The Oscars are more fun to talk about than to watch. It has always been true, and it was even more true last night. For months, we complained about the delayed date of the ceremony and the extended eligibility window; we wondered what producer Steven Soderbergh meant when he teased the ceremony would be “like a movie”; and we did so many predictions that we talked ourselves out of some pretty obvious choices. It was such fun. Then the Oscars happened, and they weren’t very good, but god bless ‘em, they gave us so many more things to talk about.
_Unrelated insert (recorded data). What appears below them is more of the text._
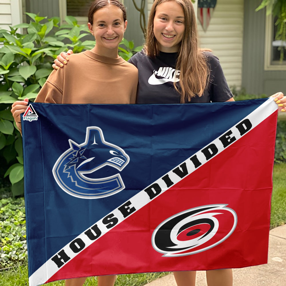 Vancouver Canucks vs Carolina Hurricanes House Divided Flag, NHL House Divided Flag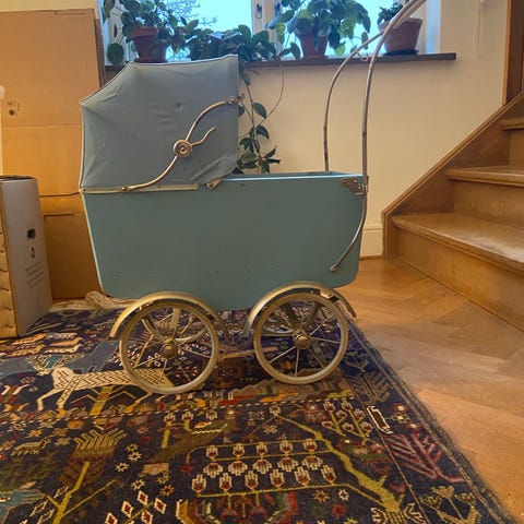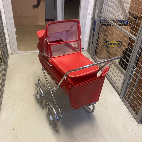 Jag säljer min dotters dockvagn, med docka och bilbarnsits som är i gott skick.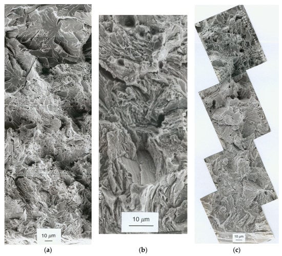 In the case of the first set of geometries exhibiting the most brittle fracture mode (geometries A, B, and C containing the main area of cleavage/brittle fracture in the cross-sectional area, cf. Figure 2), the cleavage micro-fracture mode is oriented cleavage in the case of samples A and C (single fracture initiation point) and randomly-oriented cleavage sample B (multiple or extended fracture initiation locations).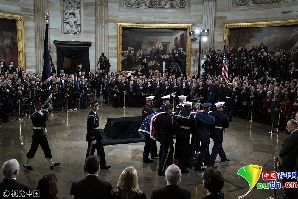 灵柩由一支军事仪仗队抬入圆形大厅,安置在1865年为林肯总统的棺材所建造的灵柩台上。
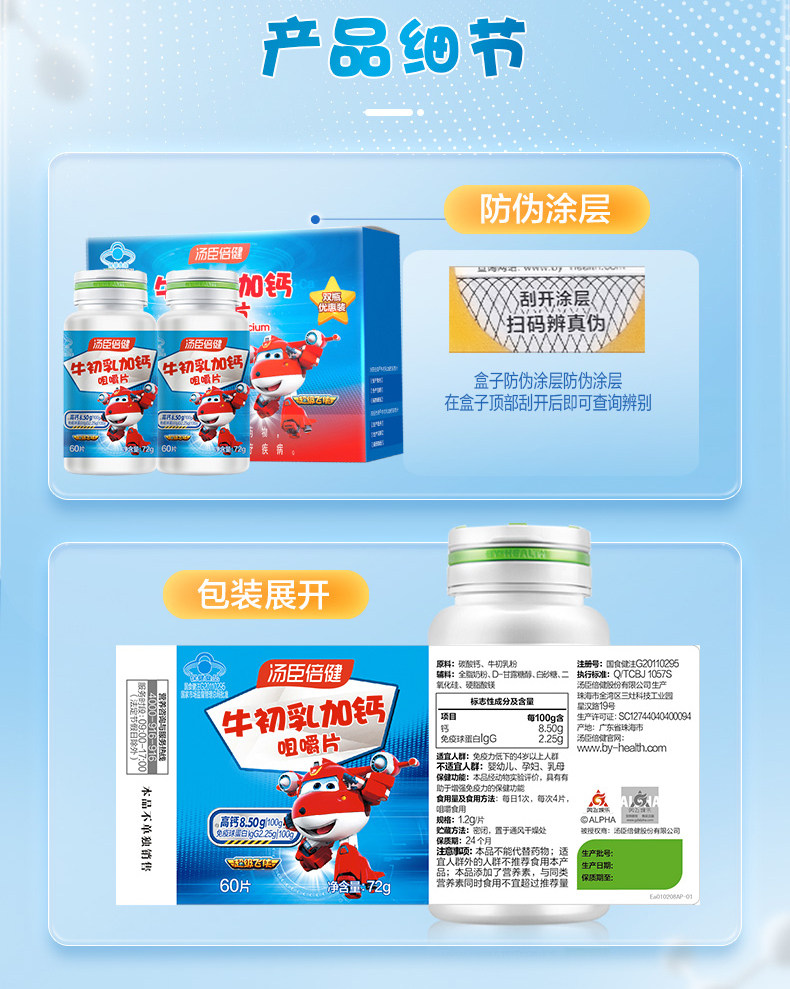 Tomson By-Health Calcium Tablets for Children, Colostrum Supplement, Immune Globulin, Growth and High Calcium Supplement, Official Store Genuine Product

It was a bad show full of choices that probably sounded great in the writers’ room but frankly didn’t work on camera. The decision to eschew montages and comedy bits in favor of longer speeches reflected the show’s overall somber tone. Appropriate for this moment in history perhaps, but also quite boring. Most of the awards presentations were prefaced by anecdotes about the nominees and how they were first inspired to make movies. It was a baffling choice. In a year when most people haven’t seen the nominated films, the primary objective should have been to get them excited about doing that. They have simply shown clips from the movies, especially the performances. Watching Daniel Kaluuya perform as Fred Hampton in Judas and the Black Messiah is a far better advertisement for cinema than learning about the first movie he went to, or whatever. The producers broke a basic rule of cinema: They told when they should have shown.
As day turned to night outside of Union Station, the ceremony got a little wilder. There were some surprising selections, including Mank for Cinematography and The Father for Adapted Screenplay (although I called that one correctly). Youn Yuh-Jung hit on Brad Pitt during her victory speech for her supporting performance in Minari. Glenn Close did “da butt,” which I knew was a comedy bit immediately because I’m three decades younger than Close, and I had never heard of that dance. Still, it was a far better performance than she gave in Hillbilly Elegy.
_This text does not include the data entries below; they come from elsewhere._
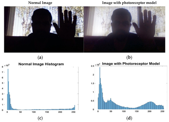 Figure 6. Example of response of the photoreceptor model with V0 = 0.7: (a) original image entering the system, (b) image processed by bioinspired photoreceptor cells, (c) histogram of image (a), and (d) histogram of image (b).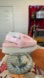 NWT Cozy pink slides with fluffy texture. Elevated platform design. Signature UGG style.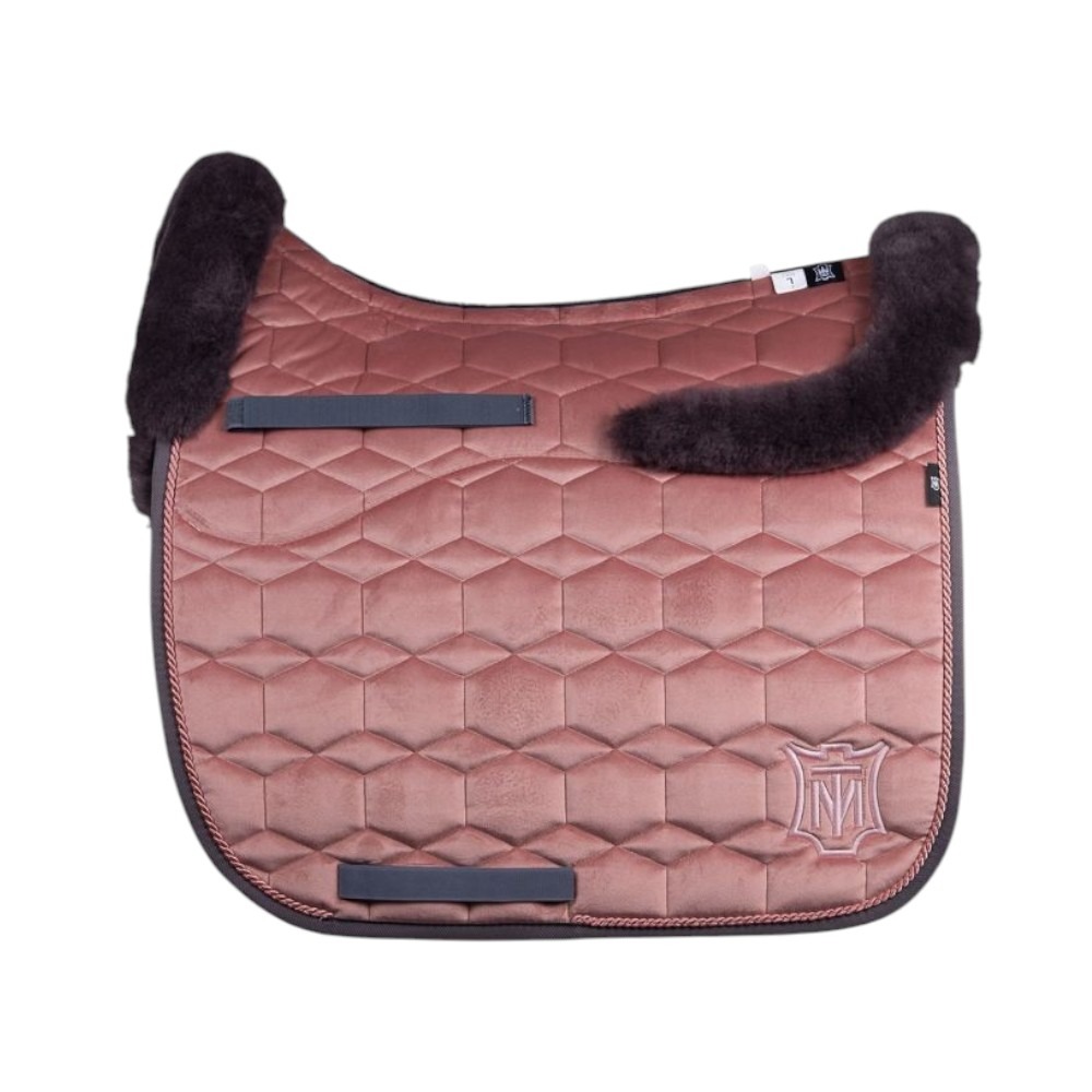 Het Mattes Dekje Velvet Misty Rose Plum met Bont straalt stijl en verfijning uit. De zachte velvet stof in Misty Rose vormt een prachtige combinatie met het rijke, diepe Plum-kleurige lamswol. De extra bont sierranden aan de voor- en achterzijde, samen met het lamswol onder het zitgedeelte, maken dit zadeldek tot een opvallende, comfortabele keuze voor elke paardrijliefhebber.

Then as the clock struck “just end the show already,” all hell broke loose. When the Best Picture award was announced with twenty minutes to go, the wheels started churning in the mind of every seasoned Oscar viewer. They want to do Best Actor last, so they can end the show on Boseman. It was a risky plan that panned out in the worst way possible. McDormand won Best Actress and gave a terribly short speech, which is understandable considering she had used up her speech on Best Picture a few minutes earlier; she was a producer on Nomadland, and once you have inexplicably howled like a wolf in front of the world, there’s not much more to say.
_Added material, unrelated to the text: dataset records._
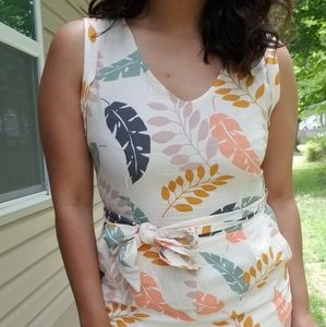 A classic jumpsuit with a colorful leaf print. Sleeveless with a folded accent. V neckline. Removable sash belt. Pockets. Lined. Cuffed pant leg. Button in the back with keyhole opening. Hidden back zipper.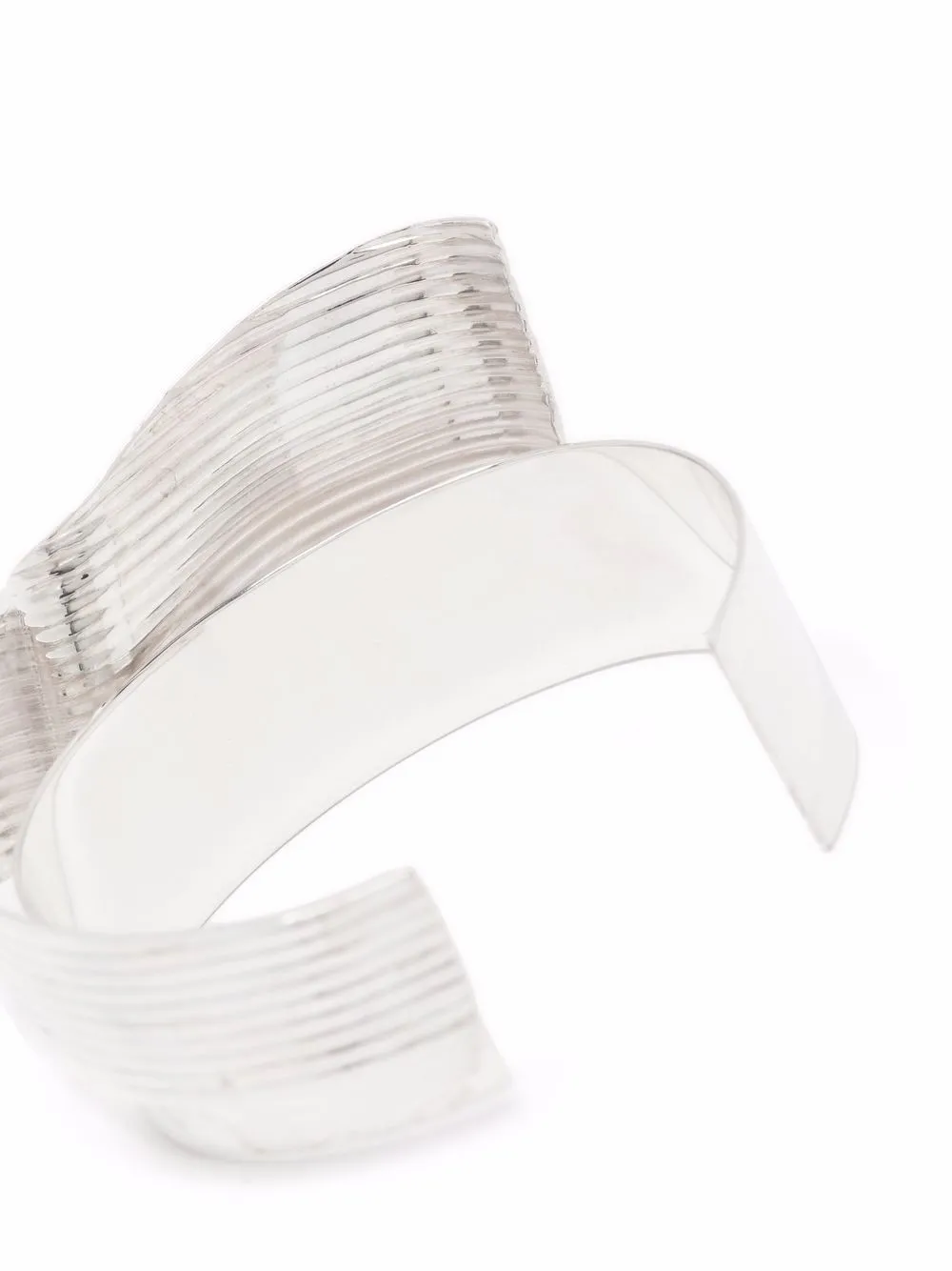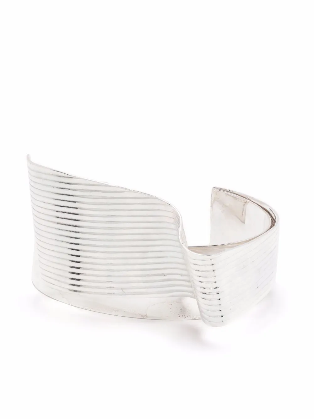 Gerippte Akzente, runde Form, silberfarbene Beschläge. Material: Sterlingsilber.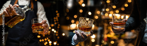 Barman pouring whiskey whiskey glass celebrate whiskey on a friendly party in restaurant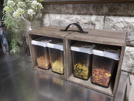 みなさんのご家庭ではリビングのテーブルに調味料を置きっぱなしにしていませんか? わが家では置きっぱなしにしていて子どもにこぼされたことがあり、それ以来、食事のたびにテーブルまで運んでいます。子どもたちが好きなふりかけもキッチンから移動。そのため、簡単に調味料を持ち運びできないかなと考えたのがこれです。子どもでも簡単に持ち運びできます。100円ショップのグッズで簡単に作れますので、よかったら作ってみてください。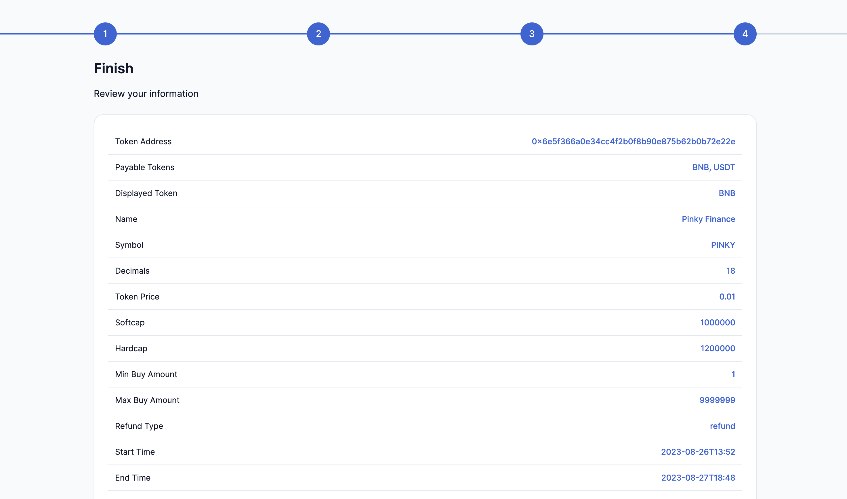 If there were any issues while setting up your token sale, please contact our support team immediately. Telegram: @pinkyfinance or on E-Mail: [email protected]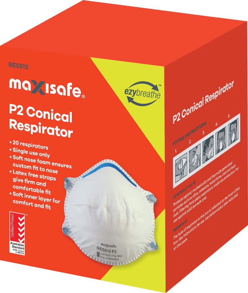 Maxisafe P2 Conical Respirator Dust Mask – Box of 20 (RES513)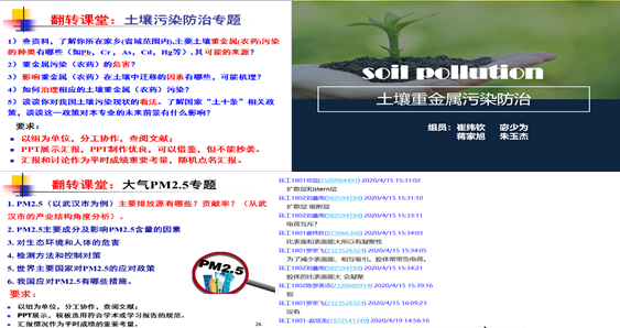 环境化学教材的编写主要依据大气圈层、水圈层以及土壤圈层的环境化学内容开展。在教学设计过程中,为了调动学生的积极性,也为了使每一个同学参与,课程在线讲授和翻转的形式进行,要求学生学习完每一章节理论知识后,依据每一个章节设计的专题,以小组为单位,分工协作,下去查阅资料,并在课堂上以PPT展示所查资料(如下图)。通过角色的转变,使学生站在主人翁的角度,参与到课堂的学习,使学习效果最大化。

Then Joaquin Phoenix limped onto the stage and announced that Anthony Hopkins had won Best Actor. It was a shock to most Oscar prognosticators that came with a note of cringe since A) this was supposed to be Boseman’s award, and B) Hopkins didn’t show up to the London satellite site to give a televised awards speech. And so the ceremony that was supposed to end with emotional catharsis of awarding Boseman, whose work has meant so much to so many, concluded with a head shot of Anthony Hopkins, winning for the movie that, out of all the major nominees, was probably seen the least. Not ideal.
For all of these reasons, we will never forget the 2021 Oscars, and that’s probably a win for the show’s producers. But we’re not the audience that the Oscars – and the industry – needs. We’re going to watch anyway, both the movies and the show. Instead, imagine a casual viewer who hasn’t seen most of the nominated films and tuned in last night out of sheer curiosity. Is anything they saw going to make them excited about the future of cinema? Or make them want to pay $5.99 to see one of the nominated films? My hunch is that they left bewildered at an oddity of a ceremony that was more committed to doing something different than doing something good.